Is the CPU actually in Abort mode? If it's executing the Prefetch handler but isn't in abort mode that would mean that some code is branching through the prefetch abort vector, generally through address 0x0000000c but controllers often allow the vector addresses to be remapped.

How to determine why a task destroys , VxWorks?

I have a VxWorks application running on ARM uC.
First let me summarize the application;
Application consists of a 3rd party stack and a gateway application.
We have implemented an operating system abstraction layer to support OS in-dependency.
The underlying stack has its own memory management&control facility which holds memory blocks in a doubly linked list.
For instance ; we don't directly perform malloc/new , free/delege .Instead we call OSA layer's routines and it gets the memory from OS and puts it in a list then returns this memory to application.(routines : XXAlloc , XXFree,XXReAlloc)
And when freeing the memory we again use XXFree.
In fact this block is a struct which has
-magic numbers indication the beginning and end of memory block
-size that user requested allocated
-size in reality due to alignment issue previous and next pointers
-pointer to piece of memory given back to application. link register that shows where in the application xxAlloc is called.

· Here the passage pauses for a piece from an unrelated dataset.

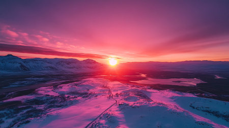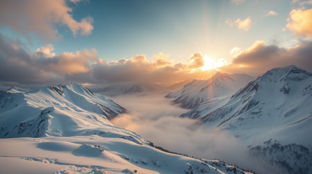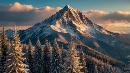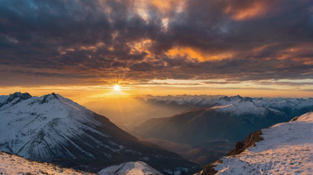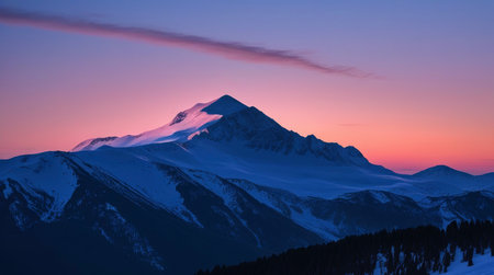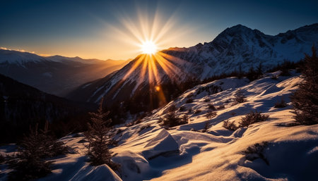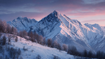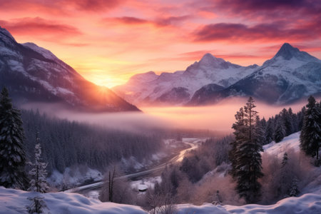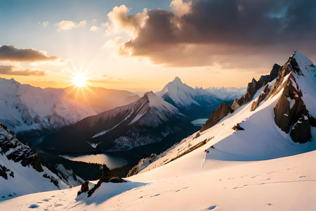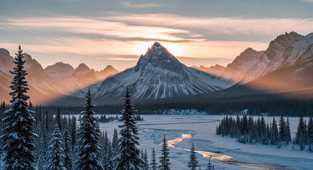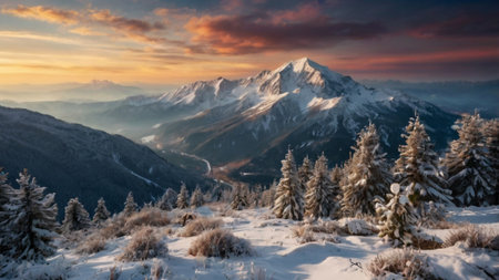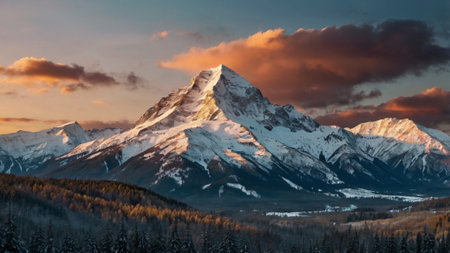 An AI generated illustration of A stunning winter sunset featuring a snow-covered mountain illuminated by the setting sun

With this block structure stack can check if a block is corrupted or not.
Also we have pthread library which is ported from Linux that we use to
-create/terminate threads(currently there are 22 threads)
-synchronization objects(events,mutexes..)
There is main task called by taskSpawn and later this task created other threads.
this was a description of application and its VxWorks interface.
The problem is :
one of tasks suddenly gets destroyed by VxWorks giving no information about what's wrong.
I also have a jtag debugger and it hits the VxWorks taskDestoy() routine but call stack doesn't give any information neither PC or r14.
I'm suspicious of specific routine in code where huge xxAlloc is done but problem occurs
very sporadic giving no clue that I can map it to source code.
I think OS detects and exception and performs its handling silently.
any help would be great
regards
It resolved.
I did an isolated test. Allocated 20MB with malloc and memset with 0x55 and stopped thread of my application.
And I wrote another thread which checks my 20MB if any data else than 0x55 is written.
And quess what!! some other thread which belongs other components in CPU (someone else developed them) write my allocated space.
Thanks 4 your help
If your task exits, taskDestroy() is called. If you are suspicious of huge xxAlloc, verify that the allocation code is not calling exit() when memory is exhausted. I've been bitten by this behavior in a third party OSAL before.
Sounds like you are debugging after integration; this can be a hell of a job.
I suggest breaking the problem into smaller pieces.
Process
1) you can get more insight by instrumenting the code and/or using VxWorks intrumentation (depending on which version). This allows you to get more visibility in what happens. Be sure to log everything to a file, so you move back in time from the point where the task ends. Instrumentation is a worthwile investment as it will be handy in more occasions. Interesting hooks in VxWorks: Taskhooklib
2) memory allocation/deallocation is very fundamental functionality. It would be my first candidate for thorough (unit) testing in a well-defined multi-thread environment. If you have done this and no errors are found, I'd first start to look why the tas has ended.
other possible causes
A task will also end when the work is done.. so it may be a return caused by a not-so-endless loop. Especially if it is always the same task, this would be my guess.
And some versions of VxWorks have MMU support which must be considered.